What to produce: Omit any picture, and return the remaining data exactly as written.

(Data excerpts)
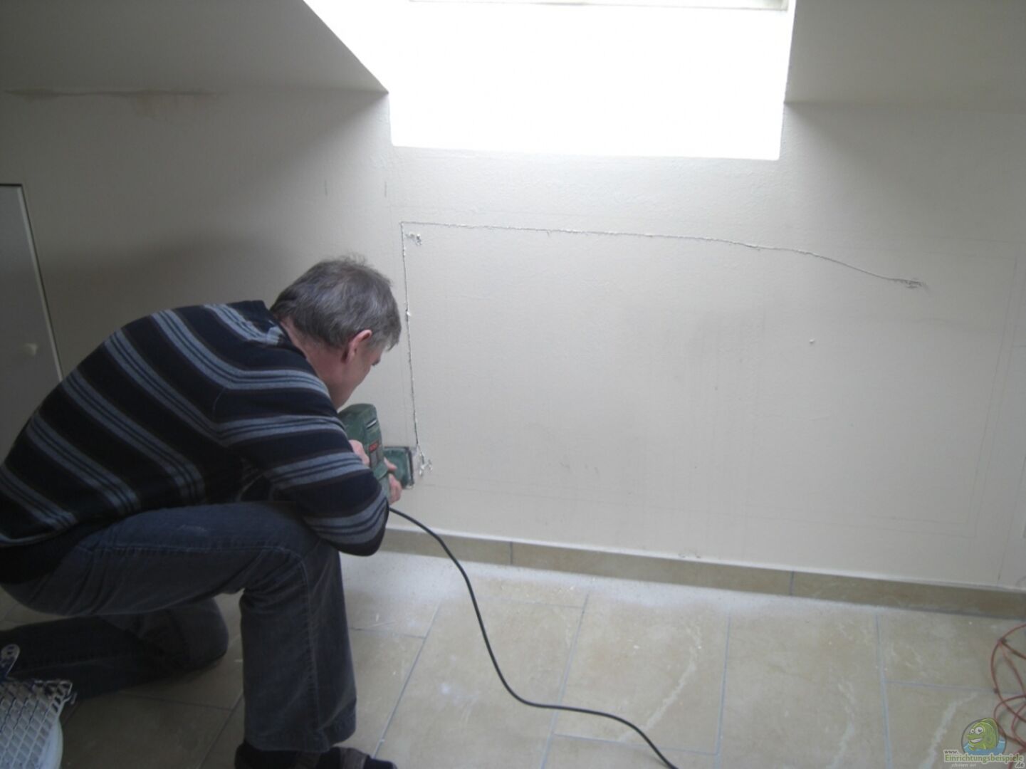 Stahlgestell ist in die Wand einbetoniert. 2 Bohrungen (Ablauf 40mm, Notablauf 40mm). Filterbecken steht in der Dachschräge, zugänglich durch zwei Türen. Gesamtvolumen der Anlage = 1185 Liter An der langen Seite des Beckens wird die Couch stehen (siehe Hauptbild).
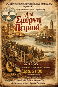 Ο Σύλλογος Μικρασιατών Πτολεμαΐδας παρουσιάζει την μουσικοθεατρική παράσταση ” Από Σμύρνη Πειραιά”. Ένα ταξίδι από τις γειτονιές της Σμύρνης στους προσφυγικούς συνοικισμούς και στην αποτύπωση του καημού, της ανάγκης, του έρωτα και της αναζήτησης μέσα από τα τραγούδια. Η γέννηση του ρεμπέτικου τραγουδιού που αποτέλεσε τον “σεισμογράφο” της εποχής, μέσα από το οποίο αποτυπώθηκαν η […]
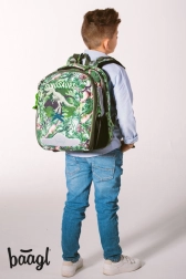 Lo zaino scuola Baagl Dinosauri è progettato con una struttura robusta e rinforzata che protegge i materiali scolastici come una corazza protettiva. Sistema a due scomparti garantisce una distribuzione ottimale del peso, dove il vano anteriore include un pratico organizer, una tasca per oggetti piccoli e un gancio per le chiavi.
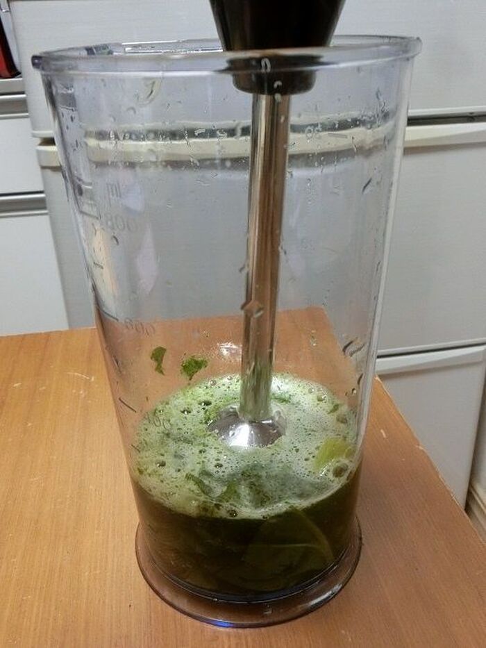 ほうれん草は5㎝くらいに切り、水と一緒にブレンダーで細かくします。
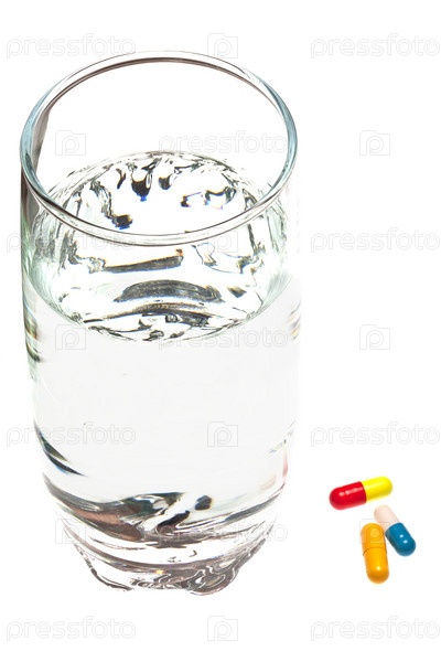 Стакан воды и таблетки на белом фоне
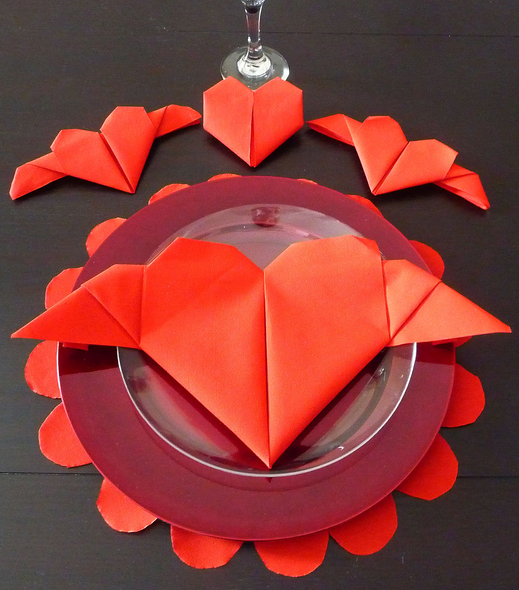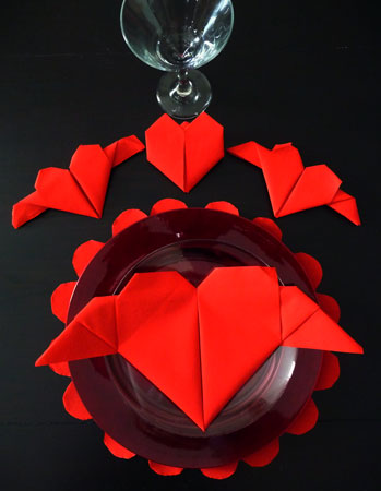 Pliage de serviette en papier en forme de coeur avec ses ailes. Pour votre repas de Saint-Valentin ou fêter un anniversaire.
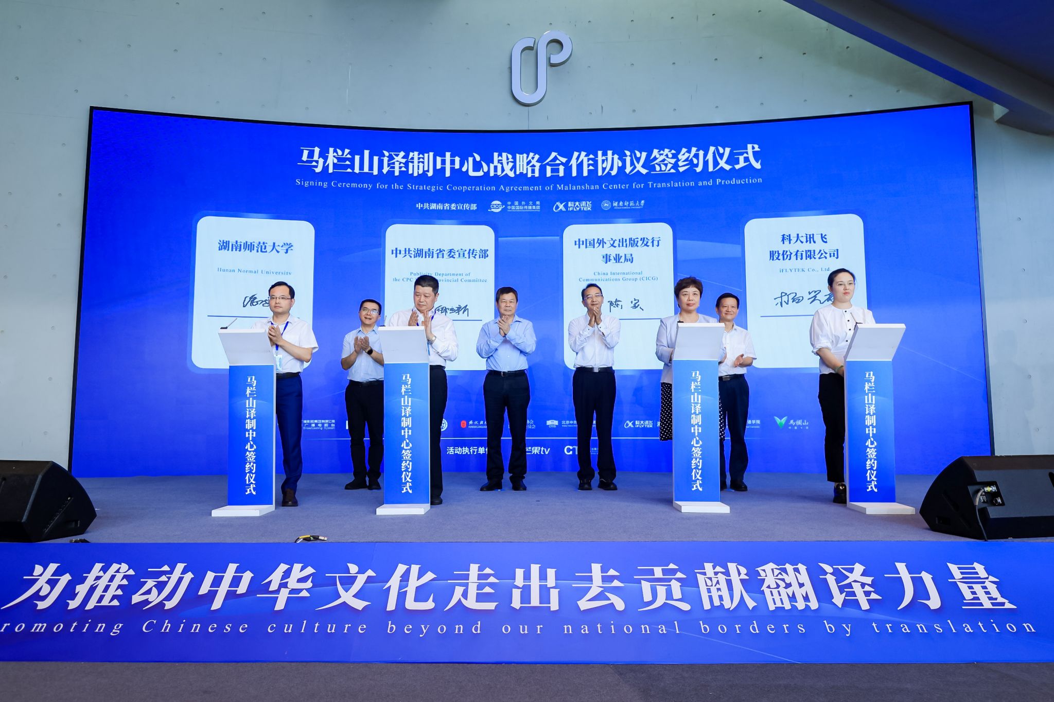 卿立新、潘安练与中国外文局副总编辑、国际传播发展中心主任陈实,科大讯飞副总裁、湖南湘讯未来科技有限公司董事长杨光丽,分别代表中共湖南省委宣传部、安博线上平台、中国外文局、科大讯飞股份有限公司签署《马栏山译制中心战略合作协议》。湖南广播影视集团(湖南广播电视台),湖南出版投资控股集团,外文出版社有限责任公司,中国翻译协会,中国外文局翻译院,北京中外翻译咨询有限公司,墨责(北京)科技传播有限公司,马栏山(长沙)视频文创园共同签署《马栏山译制中心重点项目合作备忘录》。

Answer to this task:
 Stahlgestell ist in die Wand einbetoniert. 2 Bohrungen (Ablauf 40mm, Notablauf 40mm). Filterbecken steht in der Dachschräge, zugänglich durch zwei Türen. Gesamtvolumen der Anlage = 1185 Liter An der langen Seite des Beckens wird die Couch stehen (siehe Hauptbild).
 Ο Σύλλογος Μικρασιατών Πτολεμαΐδας παρουσιάζει την μουσικοθεατρική παράσταση ” Από Σμύρνη Πειραιά”. Ένα ταξίδι από τις γειτονιές της Σμύρνης στους προσφυγικούς συνοικισμούς και στην αποτύπωση του καημού, της ανάγκης, του έρωτα και της αναζήτησης μέσα από τα τραγούδια. Η γέννηση του ρεμπέτικου τραγουδιού που αποτέλεσε τον “σεισμογράφο” της εποχής, μέσα από το οποίο αποτυπώθηκαν η […]
 Lo zaino scuola Baagl Dinosauri è progettato con una struttura robusta e rinforzata che protegge i materiali scolastici come una corazza protettiva. Sistema a due scomparti garantisce una distribuzione ottimale del peso, dove il vano anteriore include un pratico organizer, una tasca per oggetti piccoli e un gancio per le chiavi.
 ほうれん草は5㎝くらいに切り、水と一緒にブレンダーで細かくします。
 Стакан воды и таблетки на белом фоне
 Pliage de serviette en papier en forme de coeur avec ses ailes. Pour votre repas de Saint-Valentin ou fêter un anniversaire.
 卿立新、潘安练与中国外文局副总编辑、国际传播发展中心主任陈实,科大讯飞副总裁、湖南湘讯未来科技有限公司董事长杨光丽,分别代表中共湖南省委宣传部、安博线上平台、中国外文局、科大讯飞股份有限公司签署《马栏山译制中心战略合作协议》。湖南广播影视集团(湖南广播电视台),湖南出版投资控股集团,外文出版社有限责任公司,中国翻译协会,中国外文局翻译院,北京中外翻译咨询有限公司,墨责(北京)科技传播有限公司,马栏山(长沙)视频文创园共同签署《马栏山译制中心重点项目合作备忘录》。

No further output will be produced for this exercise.